Commissioners Review Downtown Vision
County formally kicks off multimillion-dollar, multistructure, multiyear capital-improvement project
By Patricia J. Ruland, Fri., Jan. 18, 2008
On Jan. 8, Spataro read a draft of an impassioned solicitation letter, which when finalized will be sent to various community groups seeking nominees for the citizens advisory committee, which will assist executive and staff committees, also to be named soon. The project will be born of dire necessity, Spataro read, "in order to avoid a crisis in [the county's] ability to deliver services to a rapidly growing population."
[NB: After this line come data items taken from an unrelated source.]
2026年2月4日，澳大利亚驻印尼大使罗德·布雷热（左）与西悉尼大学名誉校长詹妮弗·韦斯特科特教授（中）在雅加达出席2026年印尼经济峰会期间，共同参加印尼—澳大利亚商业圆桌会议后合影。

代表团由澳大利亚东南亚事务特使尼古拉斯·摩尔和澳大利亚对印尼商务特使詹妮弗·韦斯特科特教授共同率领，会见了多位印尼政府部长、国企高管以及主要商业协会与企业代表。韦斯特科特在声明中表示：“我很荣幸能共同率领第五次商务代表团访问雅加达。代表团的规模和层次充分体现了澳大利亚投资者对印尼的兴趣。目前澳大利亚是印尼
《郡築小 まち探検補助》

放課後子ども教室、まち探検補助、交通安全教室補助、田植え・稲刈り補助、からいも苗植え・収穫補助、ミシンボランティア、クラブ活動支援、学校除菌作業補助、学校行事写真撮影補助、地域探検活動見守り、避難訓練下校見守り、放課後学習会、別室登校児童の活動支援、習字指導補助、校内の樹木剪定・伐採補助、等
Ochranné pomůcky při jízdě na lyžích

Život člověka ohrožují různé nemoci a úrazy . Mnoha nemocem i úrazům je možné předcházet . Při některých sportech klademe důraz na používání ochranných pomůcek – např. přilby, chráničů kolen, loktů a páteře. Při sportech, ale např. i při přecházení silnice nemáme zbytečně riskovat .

According to a Jan. 10 status report, the perimeter of the project will include Ninth, 13th, Nueces, and Lavaca streets, a 10-block area. Nesting a county campus in a dense Downtown won't be easy, Spataro said. Essentially, new buildings should resonate well with nearby parks, schools, and the Capitol. Moreover, the favored site for a new civil courthouse, next door to the current one, is located in the Capitol View Corridor. The county probably won't seek an exemption, Spataro said, necessitating a search for another site. "We are at the foot of the Capitol – buildings must fit into the historical context," Spataro said. "The design itself should instill respect for the rule of law – I am proud to walk through the corridors of the Capitol; I want residents to be proud to walk through the corridors of the new complex."
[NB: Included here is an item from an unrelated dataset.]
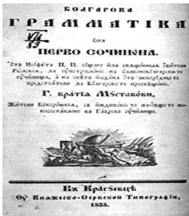
"Болгарска граматика" (Крагуевац, 1835) от йеромонах Неофит Рилски

След две години учителстване в Копривщица Неофит се прибира в манастира, и продължава книжовната си дейност. След като получава покана да преподава славянски езици в богословското училище на Халки, той преподава там от 1848 до 1852 година, след което се връща в Рилския манастир, поради върлуващата в училището холера. През 1851 г. излиза неговата „Аритметика“, а година по-късно - „Христоматия славянского языка“. От 1852 година до края на живота си се посвещава на книжовна дейност в Рилската обител.
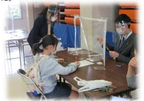
三浦学苑高校 “いしゅいしゅゴマ”

【開催場所】県立青少年センター科学部(厚木市中町4-16-21 プロミティあつぎビル2階)

Such populist profundity will come at a cost, however. Travis County has always been "very, very frugal," and the complex will take "more than the minimum," Spataro said. Will voters decide they need, not just want, new county digs? "If you can't sell the need, you don't sell the hundred-million-dollars-plus [that the project will cost]," Spataro cautioned the court, thus providing the first mention of a dollar figure to date.